UHRCT can improve in- and through-plane spatial resolution compared with conventional MDCT and achieve the maximal spatial resolution of approximately 0.15 mm, mainly due to the improved detector system and x-ray focus [5, 6]. In the present study, use of UHRCT significantly improved delineation of all high-contrast, fine, and critical anatomical structures on temporal bone CT compared with conventional MDCT. Yamashita et al. [11] demonstrated that only the stapedius tendon was more clearly visualized on temporal bone CT by UHRCT than by 320-detector CT. However, all other anatomical structures were similarly visualized between both, possibly due to the use of a 512-matrix size also for UHRCT, different from the situation in our study (i.e., 1024-matrix size).

Dehiscence is known to be identified in the facial nerve canal and tympanic tegmen even in normal cases [15,16,17]. The incidence of dehiscence of both the facial nerve canal and tympanic tegmen was higher by conventional MDCT than by UHRCT, although not significantly for Reviewer 1, possibly resulting from a greater partial volume effect due to lower spatial resolution in conventional MDCT. According to published data from cadaveric and surgical studies [15, 18,19,20,21], the incidence of facial nerve canal dehiscence ranged from 25 to 74%. According to published data from cadaveric studies, the incidence of tympanic tegmen dehiscence was reported as 20% [16, 17]. Thus, dehiscence of both the facial nerve canal and tympanic tegmen might have been overestimated by Reviewer 2 using conventional MDCT alone, as that Reviewer had less experience with temporal bone CT interpretation.

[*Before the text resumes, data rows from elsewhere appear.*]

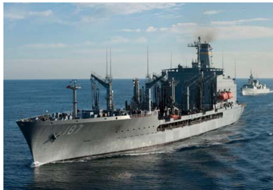
USNS Henry J. Kaiser

the San Diego area. Kaiser was at sea 5 days a week conducting UNREP operations. I spend the vast majority of my time aboard Kaiser chipping paint in the engine room.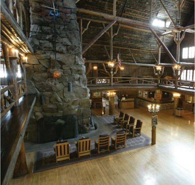
Historic preservation has maintained the appearance and condition of the famous Old Faithful Inn lobby, shown here in the first half of the 1900s (top) and in 2003 (bottom).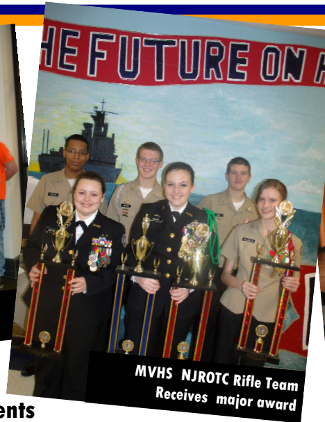
MVHS NJROTC Rifle Team Receives major award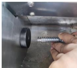
Screw out the pull

First, you need to remove the cutter head and then remove the tie rod tail pentagram; the push plate can be removed to replace the spring. Replace the spring, install the return groove on the push rod, fix it in place with the pentagram, and install the cutter head. Lock the cutter head with the safety buckle for normal use.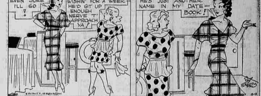
(Trademark Registered) U. S. Patent Office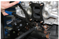
Hose Clip Pliers - for Single/Double Ear Clips | 8261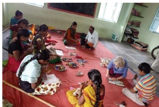
Vocational Skill Trg by Clare Volunteer From UK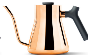
Stagg Copper SKU: FP1102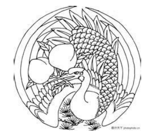
Fig. 1. The immortal crane in longevity

Auspicious concept originated in the primitive society, and auspicious awareness generated from the confusion and fear of the ancestors for human disease, pestilence, natural disasters and death and from the horror for hunting, killing and eating the living being. They need some force to help them expel the demons, eliminate the disasters, bless the safety. Thus the images that make the devil afraid are created, to become the patron saint of the clan. On the base, a large number of artistic images combining the features of human and animals and plants are created. These mysterious and wonderful icons become the most primitive form of religion, which is also the start of auspicious patterns, such as "Fig.1".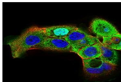
Immunofluorescence analysis of A431 cells using HSF1 mouse mAb (green). Blue: DRAQ5 fluorescent DNA dye. Red: Actin filaments have been labeled with Alexa Fluor-555 phalloidin. Secondary antibody from Fisher (Cat#: 35503)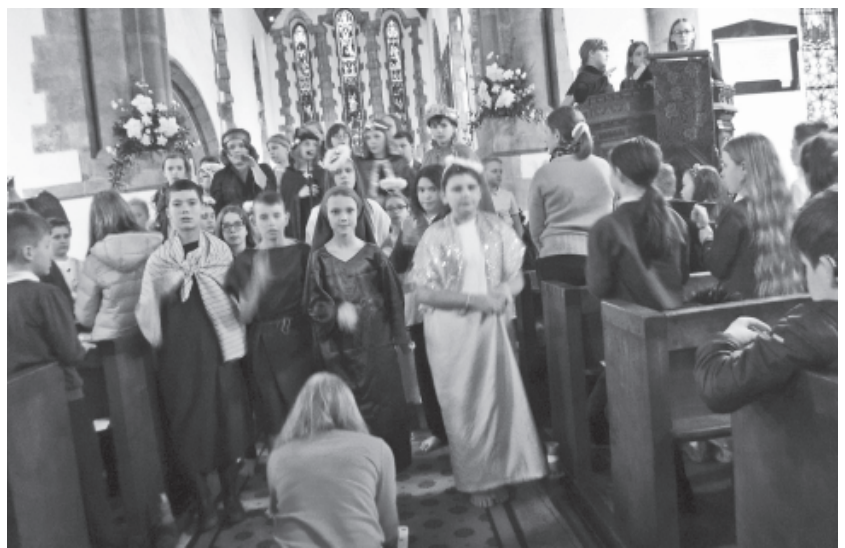
Year 6 Nativity in the Parish Church.

There was some lovely singing in which all the pupils took part and some solo singing which was really beautiful. At the close, Year 3 took over with their procession of Christingle Oranges. The oranges are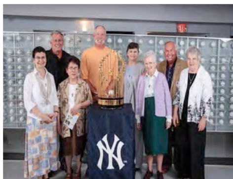
Sisters and celebrities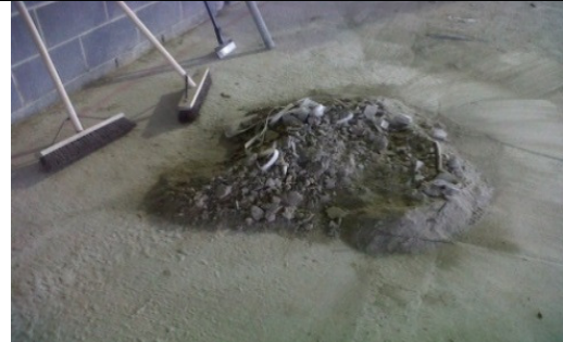
Poor Practice – Removal of rubble using dry sweeping (HSE, GB)

We performed helical scanning and reconstructed 0.6-mm-slice images by filtered back-projection as per our clinical routine examinations. Use of axial or volume scanning for decreasing artifacts related to helical scanning and a thinner slice thickness for improving spatial resolution, if necessary, without increasing image noise by hybrid or model-based iterative reconstruction can not only further improve delineation of the aforementioned structures and diagnostic accuracy of the dehiscence of both the anatomies, but can also achieve visualization of more subtle structures such as mucosal folds of the middle ear.

Mean volume CT dose index by conventional MDCT without using automatic exposure control (tube current-exposure time product: 187.5 mAs) was lower than that in previous studies [1, 11], but significantly higher than that by UHRCT in our study. Mean volume CT dose index by conventional MDCT was higher, but that by UHRCT was lower than the diagnostic reference levels for head CT (56–85 mGy) in the United States, European countries, and Japan [22,23,24]. Use of axial or volume scanning and hybrid or model-based iterative reconstruction may further reasonably reduce radiation dose by UHRCT. Whereas quantitative image noise was greater by UHRCT with better spatial resolution than by conventional MDCT, the use of the iterative reconstruction can also reduce the noise.

Our study was limited in the retrospective design and inclusion of only a small study population from a single institution. We only used the single scan and reconstruction protocol for temporal bone CT. Use of different scan and reconstruction protocols may affect the study results. The diagnosis of dehiscence of the facial nerve canal and the tympanic tegmen by temporal bone CT was not surgically confirmed. Intervals between conventional MDCT and UHRCT examinations were long (median, 13.5 months) due to the retrospective nature of the study, although shorter-interval examinations would not be practical due to the increased radiation exposure. Although we only evaluated the delineation of normal anatomical structures on temporal bone CT, further studies are needed to assess diagnostic performance for middle ear diseases such as cholesteatoma and otosclerosis. However, a comparison of diagnostic performance between conventional MDCT and UHRCT in the same patients is challenging, as these diseases are likely to change over time.

In conclusion, the latest UHRCT increases image noise but appears useful by offering sharper, clearer, more continuous delineation of fine anatomical structures in routine temporal bone CT scanning with higher spatial resolution compared with conventional MDCT. These benefits are mainly due to the improved detector system and x-ray focus.